The out of the box config options are pretty decent, giving a few attempts to
most accounts but only one wrong password for root before blocking the IP
address.

I have it send email notifications to my support ticket tracking system, which
automatically sorts them so I can see how heavily I'm being attacked at any
given time, or if one VM in particular is being targeted. (One VM has been a
particular target over the holidays, so I just turned off SSH entirely and
access it using the Xen console for now.)
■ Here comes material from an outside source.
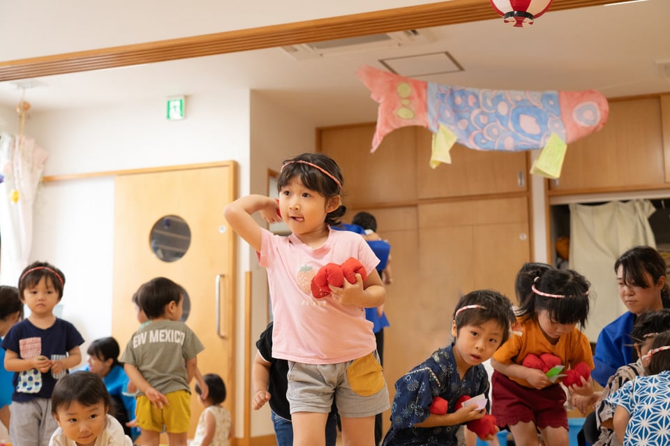 お部屋の中には、カラフルなちょうちんや、年長さんが作ったこいのぼりがゆらゆらと揺れ、まるで本当のお祭り会場のよう。子どもたちは、普段とは違う特別な雰囲気に、目を輝かせていました。

The down side of having a good understanding of how much you're under attack
is that it is a bit disturbing. In reality, I know that I could just leave SSH
running on all my VMs, but turning it off when someone's targeting one of them
reduces the flow of scary emails. The most disturbing thing is how many
machines these guys must have already compromised, since as soon as you block
one IP address another steps in.

------
bensummers
I use ssh on a non-standard port, not for security, but to avoid all the
annoying attempts in the logs.

I use ssh keys only. I've disabled the use of passwords for any account other
than root on the console, and for that, I use a very long random password
which is stored very carefully, encrypted with a long passphrase. This is only
needed in emergencies.

Be careful to protect your ssh keys (long passphrases and ssh-agent), and it's
probably a good idea to use hashes in your known_hosts file rather than
addresses so malware can't find all the hosts you can access.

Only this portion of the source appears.